WHAT IS REQUIRED | Give all of the listing again word for word, with images excluded.

DATA BELOW |
▼▼▼
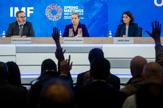 Pierre-Olivier Gourinchas,chef économiste du Fonds monétaire international,Petya Koeva Brooks,directrice adjointe,et Deniz Igan,cheffe de la division des études économiques du FMI,à Washington,le 22 avril 2025. JIM WATSON / AFP C’est au tour du Fonds monétaire international (FMI) et de la Banque mondiale,les deux piliers du système économique mondial mis en place à l’après-guerre,d’affronter l’orage Trump. Leurs premières réunions depuis le retour à la Maison Blanche du milliardaire,en janvier,se déroulent la semaine du 21 avril à Washington,dans un contexte inédit.
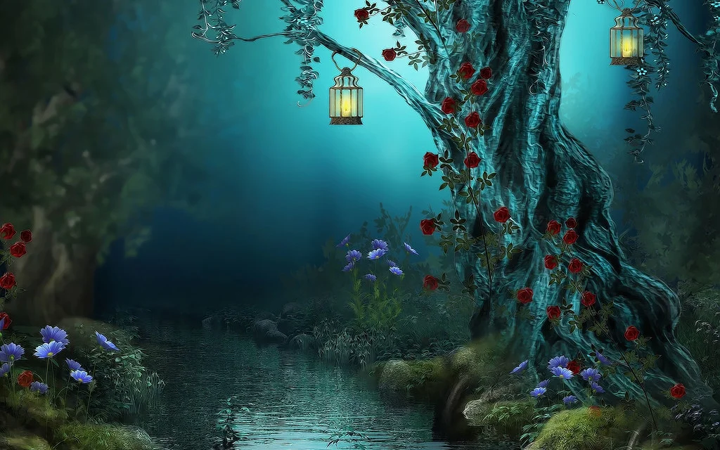 “Fantasy-Flowers-Forest-Lamps-Nature-Night-Red-Roses-River” by Ishtaure.Dawn is licensed under CC BY-SA 2.0
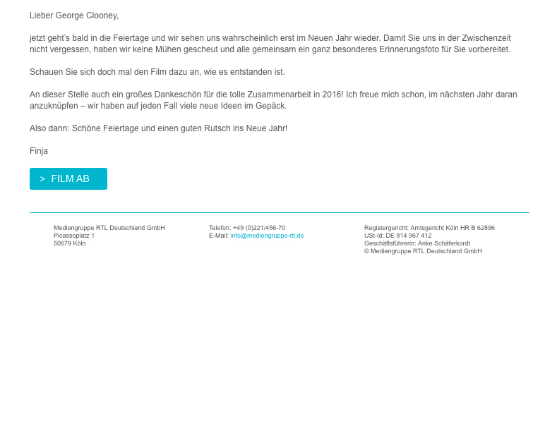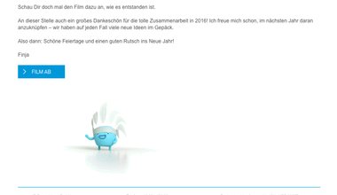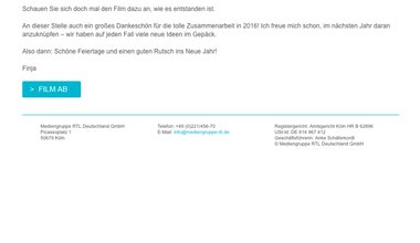 The text for the invitation mail to the customer was implemented this year with two input boxes for subject and text. At the same time, the user could also specify a personal salutation for either a personal or respective form and customize the gender of the recipient. The resulting text proposals were immediately displayed to the user in the backend tool. In the preview of the mail at IP Deutschland there is a small IP native American as a gif included, who points excitedly to the button to the film. This gif has been omitted from the mail of the media group RTL.
▲▲▲
SOLUTION TO THIS EXERCISE |
 Pierre-Olivier Gourinchas,chef économiste du Fonds monétaire international,Petya Koeva Brooks,directrice adjointe,et Deniz Igan,cheffe de la division des études économiques du FMI,à Washington,le 22 avril 2025. JIM WATSON / AFP C’est au tour du Fonds monétaire international (FMI) et de la Banque mondiale,les deux piliers du système économique mondial mis en place à l’après-guerre,d’affronter l’orage Trump. Leurs premières réunions depuis le retour à la Maison Blanche du milliardaire,en janvier,se déroulent la semaine du 21 avril à Washington,dans un contexte inédit.
 “Fantasy-Flowers-Forest-Lamps-Nature-Night-Red-Roses-River” by Ishtaure.Dawn is licensed under CC BY-SA 2.0
 The text for the invitation mail to the customer was implemented this year with two input boxes for subject and text. At the same time, the user could also specify a personal salutation for either a personal or respective form and customize the gender of the recipient. The resulting text proposals were immediately displayed to the user in the backend tool. In the preview of the mail at IP Deutschland there is a small IP native American as a gif included, who points excitedly to the button to the film. This gif has been omitted from the mail of the media group RTL.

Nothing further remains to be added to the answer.